__Task objective__
Copy each record below exactly, please, and leave its pictures out.

__Provided records__
------------------------

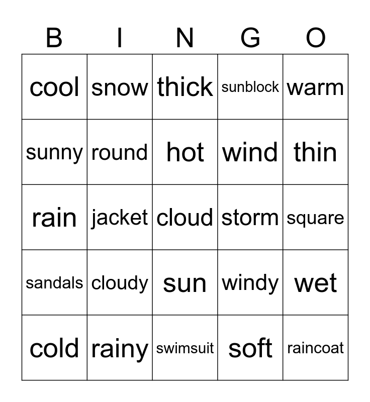 This bingo card has a free space and 24 words: cloudy, rainy, hot, cold, warm, cool, sunny, snow, storm, sun, wind, rain, windy, wet, round, soft, square, thick, thin, jacket, raincoat, sandals, sunblock and swimsuit.
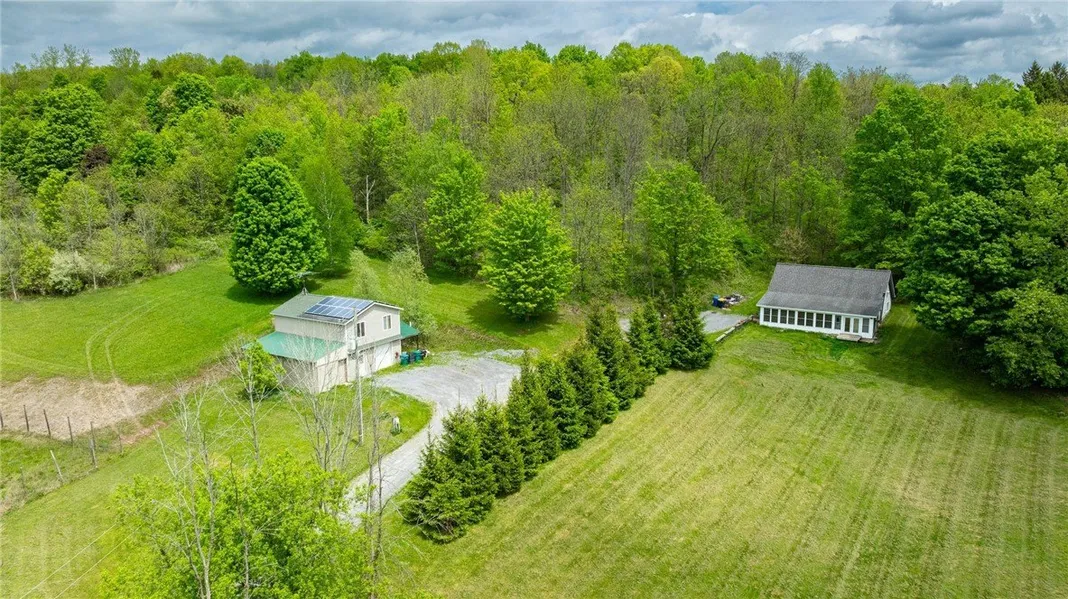 INCREDIBLE AND RARE OPPORTUNITY! TWO PROPERTIES ON ALMOST 7 ACRES! Palmyras hidden gem welcomes you! Tucked back down a long driveway you will find a main house featuring an eat-in kitchen with vaulted ceilings overlooking a spacious living room, two first floor bedrooms, first floor laundry, first floor full bath a finished second floor space as well as two open loft areas. This home has a spacious enclosed front porch and overlooks a massive, beautiful lot with complete privacy. Your very own staycation with cabin vibes. The detached garage has an apartment above it featuring a living room, dining area, kitchen, bath and one bedroom in the unit as well as one bedroom downstairs as well as laundry downstairs. This unit overlooks another beautiful open yard. Both homes are serviced by separate utilities (except water) including separate banks of solar panels. Solar panel system is set up for expansion with additional panels or a wind turbine. This is a great opportunity for investors or an owner occupied with rental income to help pay your mortgage. The main house is currently rented on a month to month lease and tenant has great rental history who would love to stay or can vacate for owner occupants! The apartment is also tenant occupied, month to month. There is also a timber stand that Cornell CO-OPs master foresters said would be ready for harvest in about 5-8 years consisting of mostly Cherry, Silver and Red Maple with a few Oaks! This property is very unique, a MUST SEE!
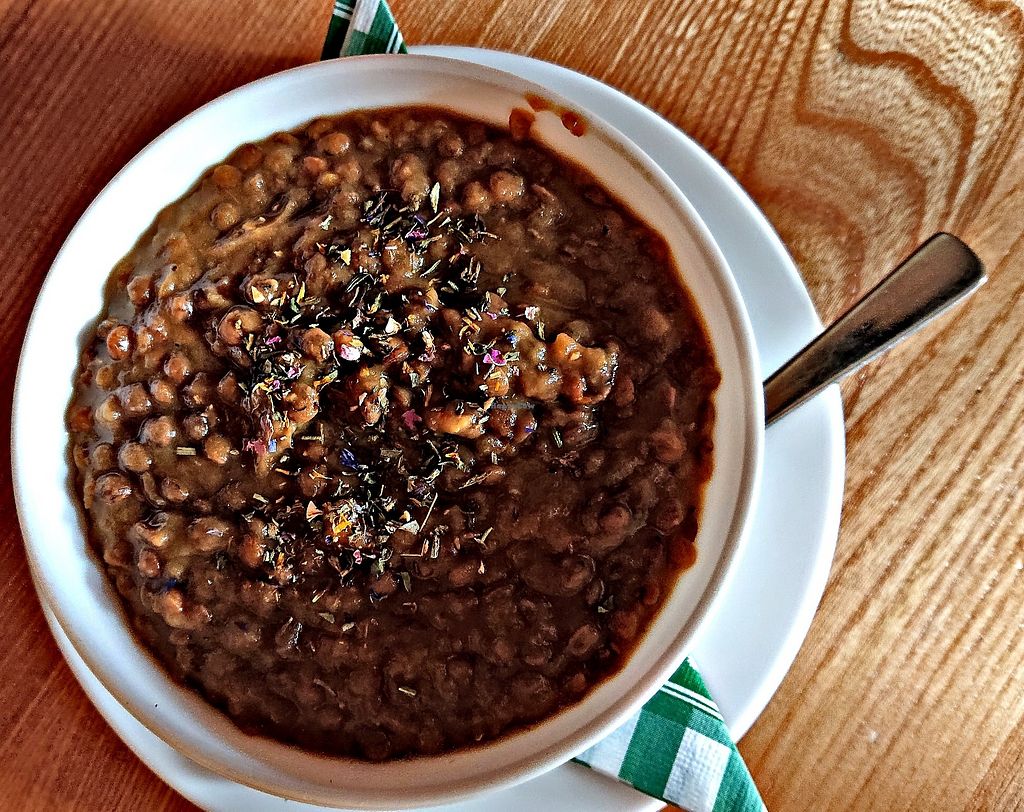 Veganer Linsen Eintopf, lecker. Zum Frühstück warmes Porridge (mit Wasser zubereitet) mit Zwetschken Röster und frischen Früchten, liebevoll dekoriert.
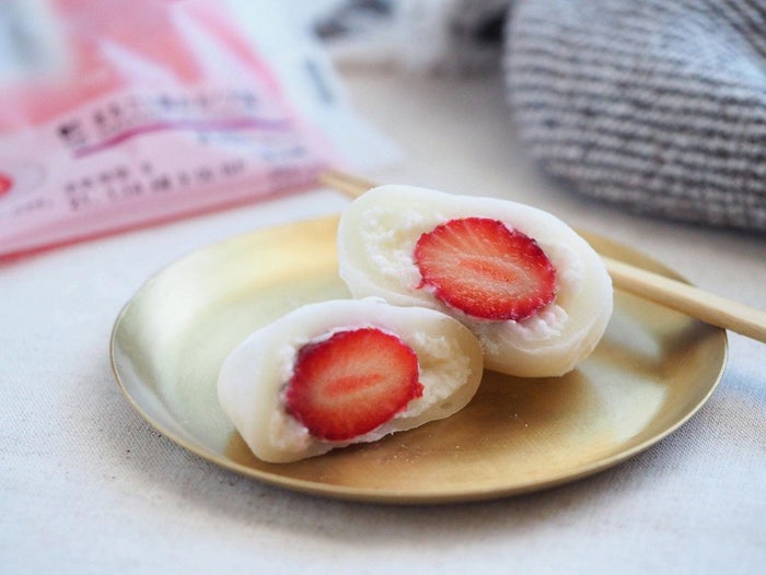 年が明け、コンビニのスイーツコーナーに目をやると、イチゴ、いちご、苺!寒い日が続き、まだまだ春は先だとわかっていつつも、ピンク色のいちごアイテムを見ると、気分が明るくなりますよね。そしてもれなく手に取ってしまいます。この度発売された「まるごと苺みるく大福」は、その名の通りひと粒の苺を包み込んだ贅沢な大福。発売当初は珍しがられたといういちごと大福の組み合わせも、いまや誰もが認める王道コンビになりました。 通常はあんこと生クリーム、いちごを使ったいちご大福が一般的ですが、ローソンの苺みるく大福はクリームに練乳を使っているのが特徴。
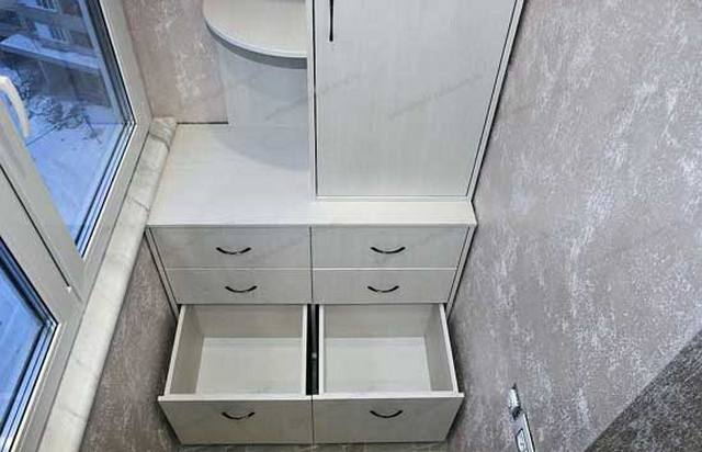 Выбирая шкафчик на балкон, первым делом решите сами для себя: будет это встроенный шкаф, конструкция с выдвижными ящиками или просто стеллаж. Поверьте, это очень важно!

------------------------

__Completed task__
 This bingo card has a free space and 24 words: cloudy, rainy, hot, cold, warm, cool, sunny, snow, storm, sun, wind, rain, windy, wet, round, soft, square, thick, thin, jacket, raincoat, sandals, sunblock and swimsuit.
 INCREDIBLE AND RARE OPPORTUNITY! TWO PROPERTIES ON ALMOST 7 ACRES! Palmyras hidden gem welcomes you! Tucked back down a long driveway you will find a main house featuring an eat-in kitchen with vaulted ceilings overlooking a spacious living room, two first floor bedrooms, first floor laundry, first floor full bath a finished second floor space as well as two open loft areas. This home has a spacious enclosed front porch and overlooks a massive, beautiful lot with complete privacy. Your very own staycation with cabin vibes. The detached garage has an apartment above it featuring a living room, dining area, kitchen, bath and one bedroom in the unit as well as one bedroom downstairs as well as laundry downstairs. This unit overlooks another beautiful open yard. Both homes are serviced by separate utilities (except water) including separate banks of solar panels. Solar panel system is set up for expansion with additional panels or a wind turbine. This is a great opportunity for investors or an owner occupied with rental income to help pay your mortgage. The main house is currently rented on a month to month lease and tenant has great rental history who would love to stay or can vacate for owner occupants! The apartment is also tenant occupied, month to month. There is also a timber stand that Cornell CO-OPs master foresters said would be ready for harvest in about 5-8 years consisting of mostly Cherry, Silver and Red Maple with a few Oaks! This property is very unique, a MUST SEE!
 Veganer Linsen Eintopf, lecker. Zum Frühstück warmes Porridge (mit Wasser zubereitet) mit Zwetschken Röster und frischen Früchten, liebevoll dekoriert.
 年が明け、コンビニのスイーツコーナーに目をやると、イチゴ、いちご、苺!寒い日が続き、まだまだ春は先だとわかっていつつも、ピンク色のいちごアイテムを見ると、気分が明るくなりますよね。そしてもれなく手に取ってしまいます。この度発売された「まるごと苺みるく大福」は、その名の通りひと粒の苺を包み込んだ贅沢な大福。発売当初は珍しがられたといういちごと大福の組み合わせも、いまや誰もが認める王道コンビになりました。 通常はあんこと生クリーム、いちごを使ったいちご大福が一般的ですが、ローソンの苺みるく大福はクリームに練乳を使っているのが特徴。
 Выбирая шкафчик на балкон, первым делом решите сами для себя: будет это встроенный шкаф, конструкция с выдвижными ящиками или просто стеллаж. Поверьте, это очень важно!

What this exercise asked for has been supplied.